Thanks, that is basically exactly what I was told and you're the first person to confirm that. I use nothing but my brand in my fleet. I was just asking a general question that I keep hearing people saying you can put any hydraulic fluid in and it will work and I was told by some very smart people exactly what you said. There is some hydraulic fluid that drastically shortens o'rings because of what it is not used for. It calls for a different hydraulic fluid. Yes I know the viscosities are around the same with ATF. Basically you're the first person that looks at it the way I do after I was told these things bye of very smart group of men.

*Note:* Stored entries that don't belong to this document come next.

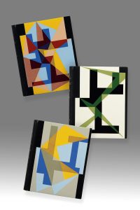 3 volumes in-16 carré, demi-box noir, chaque plat orné d’un décor géométrique de papiers découpés de différentes couleurs, doublure et gardes de papier, têtes dorées, couvertures et dos conservés, chemises, étui (P.-L. Martin, 1961).
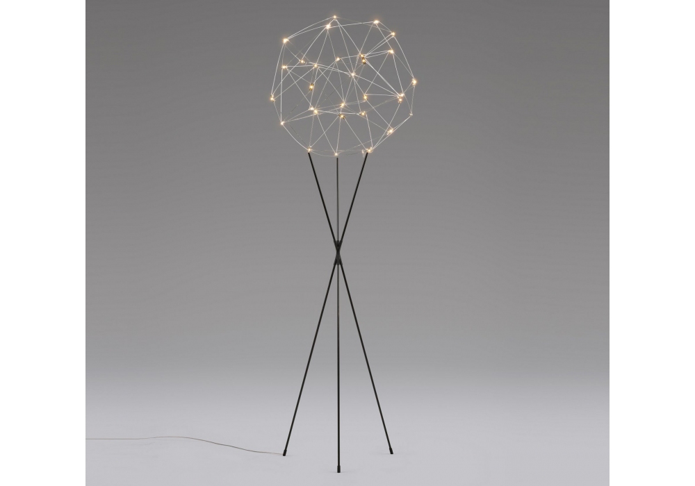 Cosmos conçu par Jan Pauwels pour Quasar est un lampadaire avec trois pieds croisés en métal tubulaire peint en noir. Le corps de lampe sphérique circulaire et déstructuré est composé d'une série de tiges de métal peint ancrées les unes aux autres. Les sources lumineuses fixées à la structure porteuse sont de type LED. Cosmos est disponible en différentes finitions.
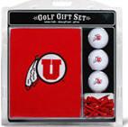 NCAA Golf Gift Set includes the following: (1)One Utah Utes logo 16" x 22" 100% cotton tri-folded embroidered towel with scrubber pattern, swivel clip for easy bag attachment and team logo embroidery; (2) 2 Utah Utes logo regulation golf balls with full color team logo durable imprint; and (3) One Utah Utes logo specific divot tool and removable double sided enamel color fill magnetic marker, all housed in sleek tin packaging
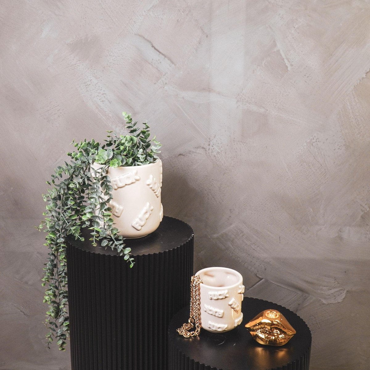 Topf "FUCK" Keramik - Beige - 11x11x11,5cm
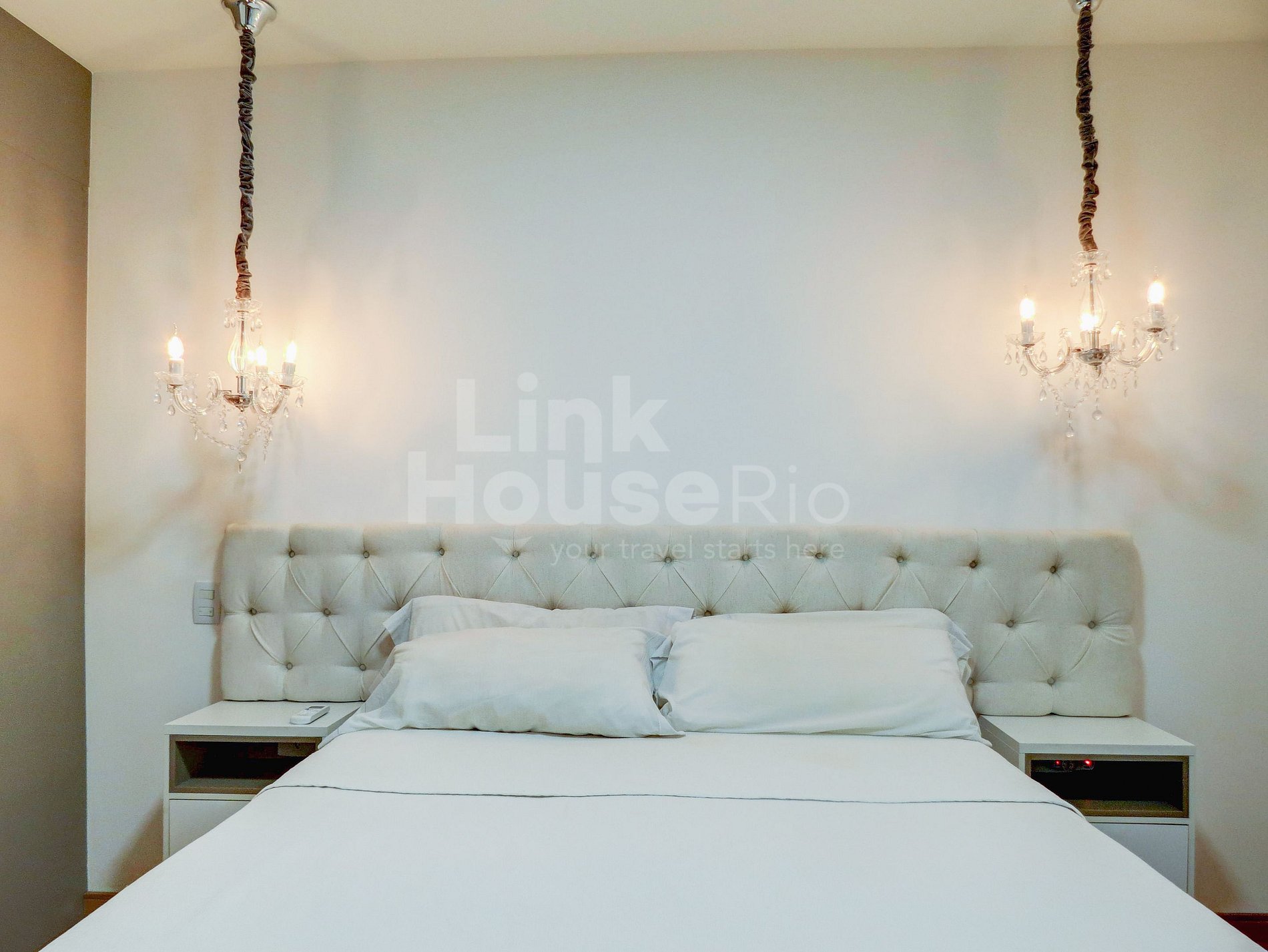 Possui 2 quartos suítes com cama de casal Queen, e comporta até 6 pessoas (bicama na sala). Possui cozinha completa, internet Wi-Fi, máquina de lavar e micro-ondas.
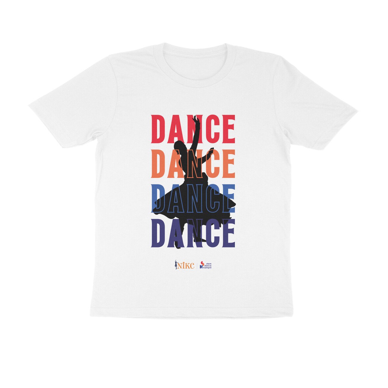 Make a statement with this stunning white tee that captures the essence of Kathak. The design features a graceful dancer silhouette set against vibrant “DANCE” typography in red, orange, blue, and navy each color representing the energy and passion of classical dance. A collaboration between Natya Institute and STEM Dance Kampni.
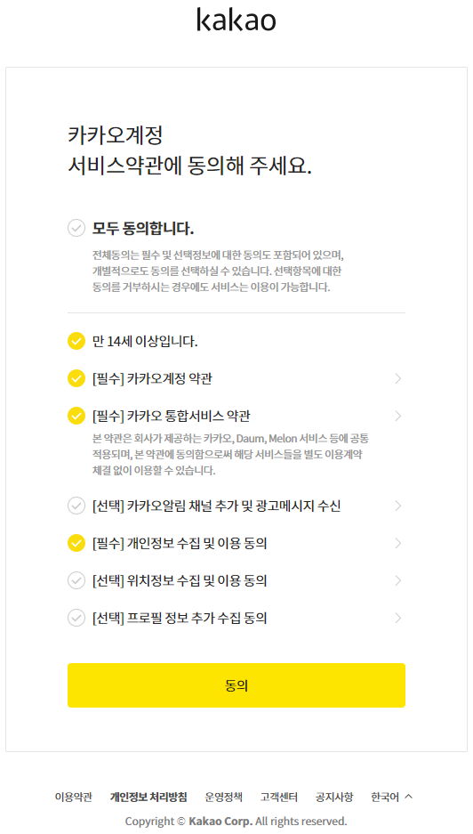 카카오(kakao.com) 계정 가입과정(2021.3) 본문
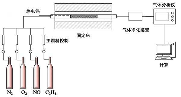 催化測試的實(shí)驗(yàn)裝置如圖1所示。將每種活性炭樣品放入固定床石英管反應(yīng)器中,該反應(yīng)器由溫控爐外部加熱。氣體流速通過質(zhì)量流控制器控制,與模擬氣體混合物調(diào)節(jié)至500ppm NO,500ppm的乙烯,3.0%(體積)Ò 2和N 2為平衡流量,總流量為1500 ml/min。在每個(gè)測試的催化劑溫度達(dá)到穩(wěn)定的設(shè)定點(diǎn)之后,將氣體混合物注入反應(yīng)器中。進(jìn)出氣中NO和NO X的濃度用煙氣分析儀分析。下標(biāo)的進(jìn)和出分別指示入口和出口的濃度。
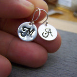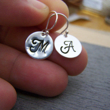 Initial Disc Dainty Hand Stamped Initial Personalized Earrings Custom Jewelry / Gift for Her
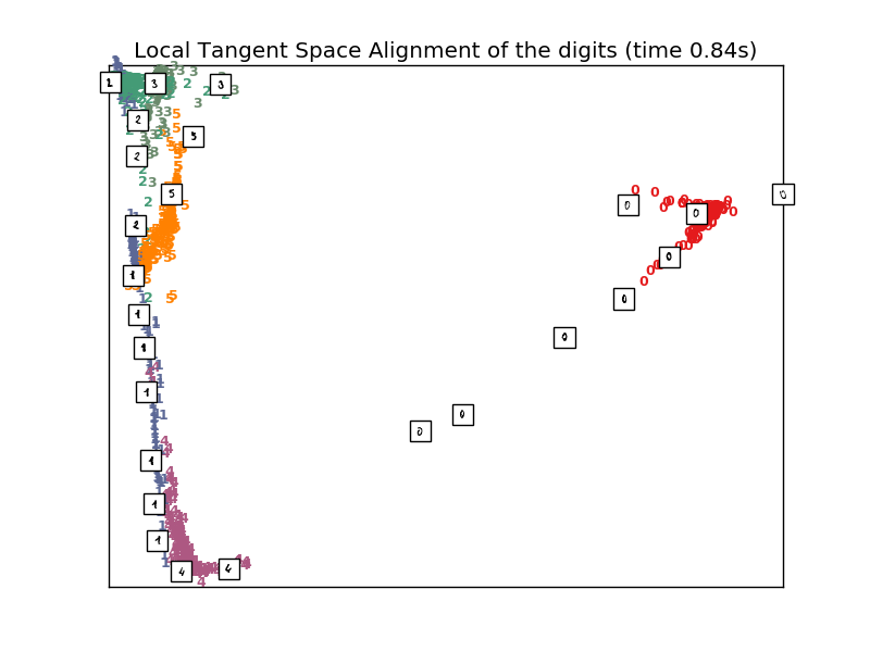 "Local Tangent Space Alignment of the digits (time %.2fs)" %
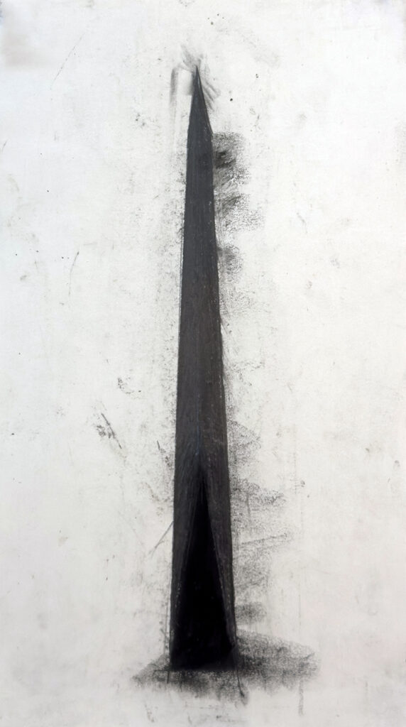 Sor Juana reminds us that these obelisks, however high they rise, belong to the human rather than the divine. They are forms born of the earth. In the same way, Mia’s sculptures point skyward with contained violence, their tips seeming to tear through the ceiling and compel us to lift our gaze. There is in them an unmistakable ambition: the desire for absolute knowledge, for totality, for going beyond the body. “Seeking to scale the stars,” Sor Juana writes. But the poem is clear: the ascent fails. Understanding grows weary, fails to reach even the lunar orbit, and retreats.

I don't mess around I buy cases of the brand name **** LOL


----------



## cycleman

I just got back from Boss. I had to put Fisher oil in because a hose was loose in garage and having a new plow didn't think to buy Boss oil. Mechanic said if I had problems and used a different oil Boss would void warranty. Had him drain out all oil and fill again with Boss.


----------



## Hydromaster

https://content.bossplow.com/content/servicecenter/documents/consumer_warranty_policy.pdf

I didn't see mention of that in their warranty.


----------



## cwren2472

The Fisher fluid would have been fine. BOSS themselves have stated that equivalent fluids are acceptable if BOSS fluid is unavailable (mind you, that does not mean that ATF is acceptable as some would have you believe...)

https://www.plowsite.com/threads/boss-plow-fluid-change.144211/#post-1931254


----------